"""

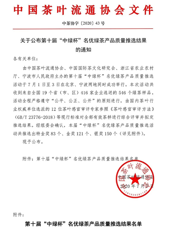 神农有机茶获第十届“中绿杯”名优绿茶产品质量金奖
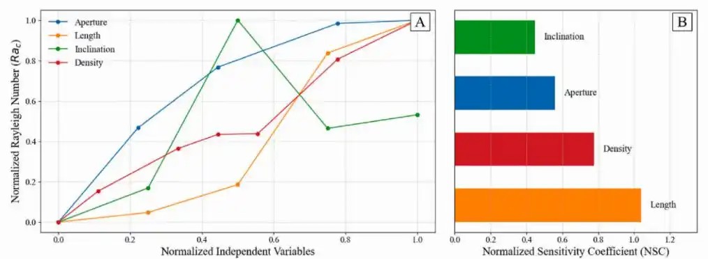 此外,為定量評(píng)估地?zé)嵯到y(tǒng)的開(kāi)發(fā)利用潛力,研究團(tuán)隊(duì)定義了一個(gè)反映系統(tǒng)的可持續(xù)性和穩(wěn)定性的參數(shù)——地?zé)嵯到y(tǒng)采熱效率,其為熱儲(chǔ)層在特定時(shí)刻釋放的熱量相對(duì)于總熱儲(chǔ)量的比例。結(jié)果顯示,在天然狀態(tài)下,中等開(kāi)度、長(zhǎng)度、傾角和密度的裂隙網(wǎng)絡(luò)具有最高的采熱效率,這與臨界Rayleigh數(shù)開(kāi)始急劇增加的閾值一致,意味著自由熱對(duì)流和強(qiáng)制熱對(duì)流強(qiáng)度相近時(shí)地?zé)嵯到y(tǒng)的換熱能力最強(qiáng)(圖3)??紤]系統(tǒng)穩(wěn)定性,研究團(tuán)隊(duì)認(rèn)為:存在有限數(shù)量的、開(kāi)度較大、長(zhǎng)度中等并以45°傾斜交叉的裂隙網(wǎng)絡(luò)(50條、0.08-0.1m、300m)是裂隙性巖溶儲(chǔ)層地?zé)豳Y源開(kāi)發(fā)的有利靶區(qū)。
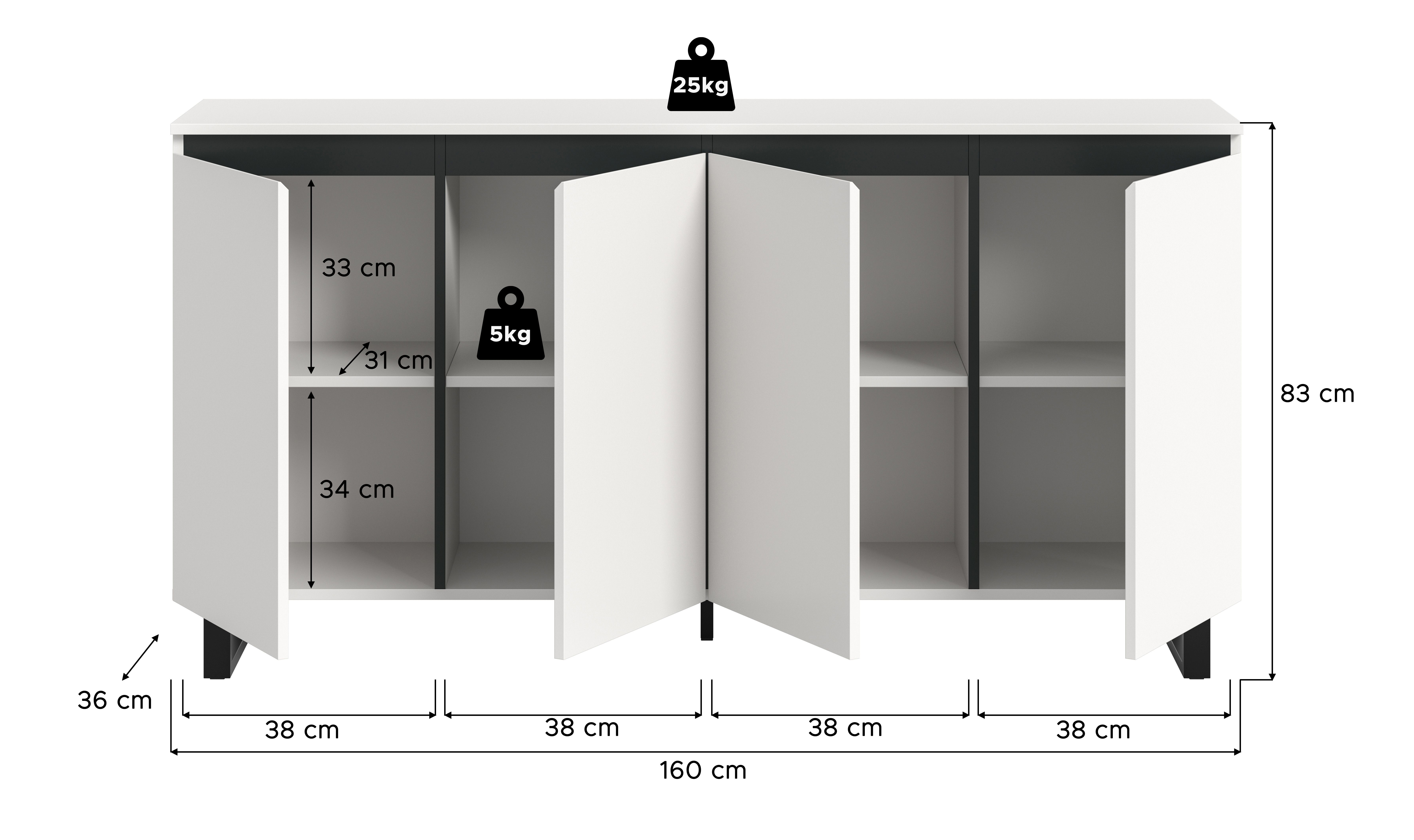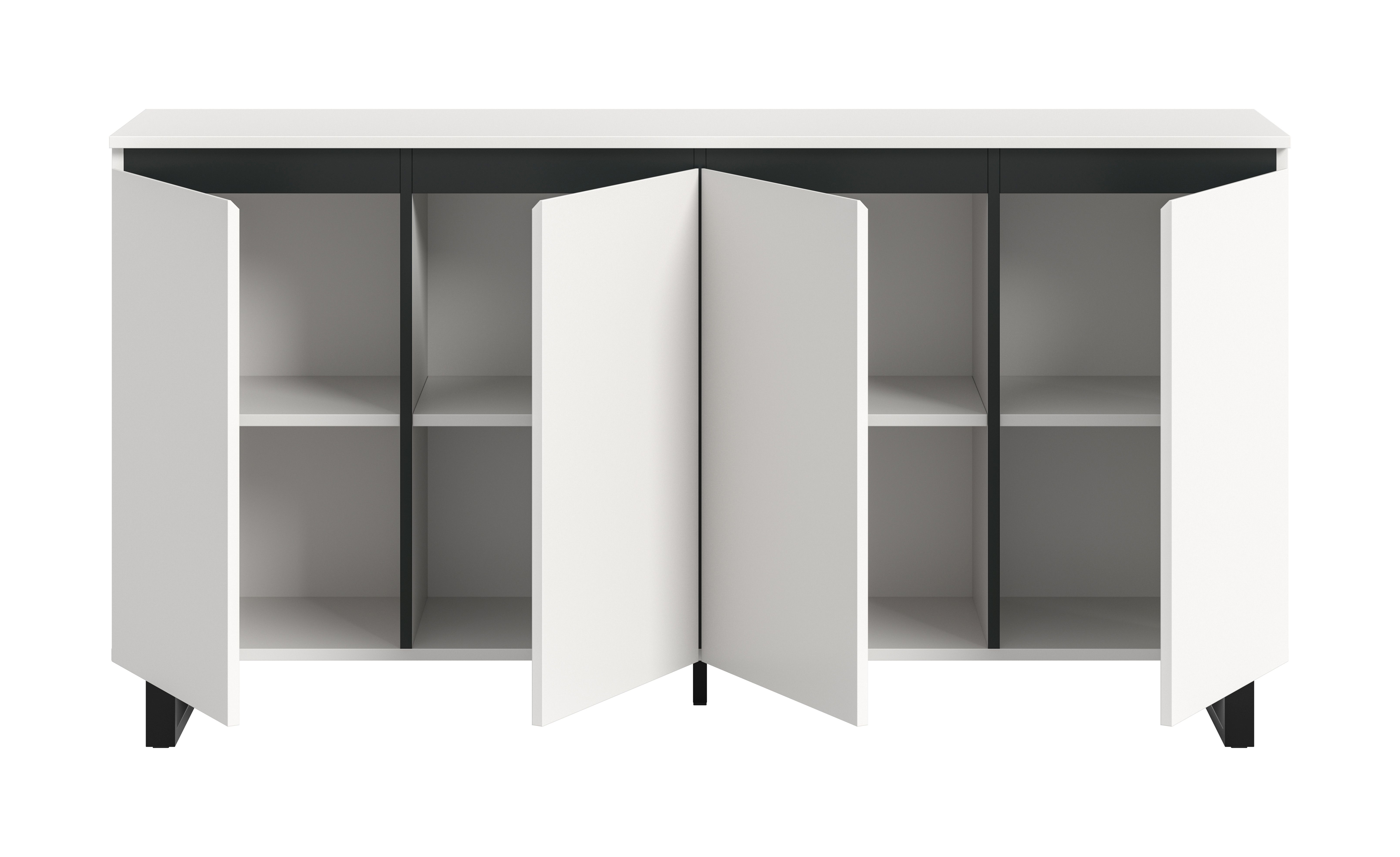 - 4 portes, 4 tablettes amovibles réglables en hauteur, 8 compartiments

"""

WORK ITEM:
Copy the listing exactly. Any image in it stays out of the copy.

YOUR RESPONSE:
 神农有机茶获第十届“中绿杯”名优绿茶产品质量金奖
 此外,為定量評(píng)估地?zé)嵯到y(tǒng)的開(kāi)發(fā)利用潛力,研究團(tuán)隊(duì)定義了一個(gè)反映系統(tǒng)的可持續(xù)性和穩(wěn)定性的參數(shù)——地?zé)嵯到y(tǒng)采熱效率,其為熱儲(chǔ)層在特定時(shí)刻釋放的熱量相對(duì)于總熱儲(chǔ)量的比例。結(jié)果顯示,在天然狀態(tài)下,中等開(kāi)度、長(zhǎng)度、傾角和密度的裂隙網(wǎng)絡(luò)具有最高的采熱效率,這與臨界Rayleigh數(shù)開(kāi)始急劇增加的閾值一致,意味著自由熱對(duì)流和強(qiáng)制熱對(duì)流強(qiáng)度相近時(shí)地?zé)嵯到y(tǒng)的換熱能力最強(qiáng)(圖3)??紤]系統(tǒng)穩(wěn)定性,研究團(tuán)隊(duì)認(rèn)為:存在有限數(shù)量的、開(kāi)度較大、長(zhǎng)度中等并以45°傾斜交叉的裂隙網(wǎng)絡(luò)(50條、0.08-0.1m、300m)是裂隙性巖溶儲(chǔ)層地?zé)豳Y源開(kāi)發(fā)的有利靶區(qū)。
 - 4 portes, 4 tablettes amovibles réglables en hauteur, 8 compartiments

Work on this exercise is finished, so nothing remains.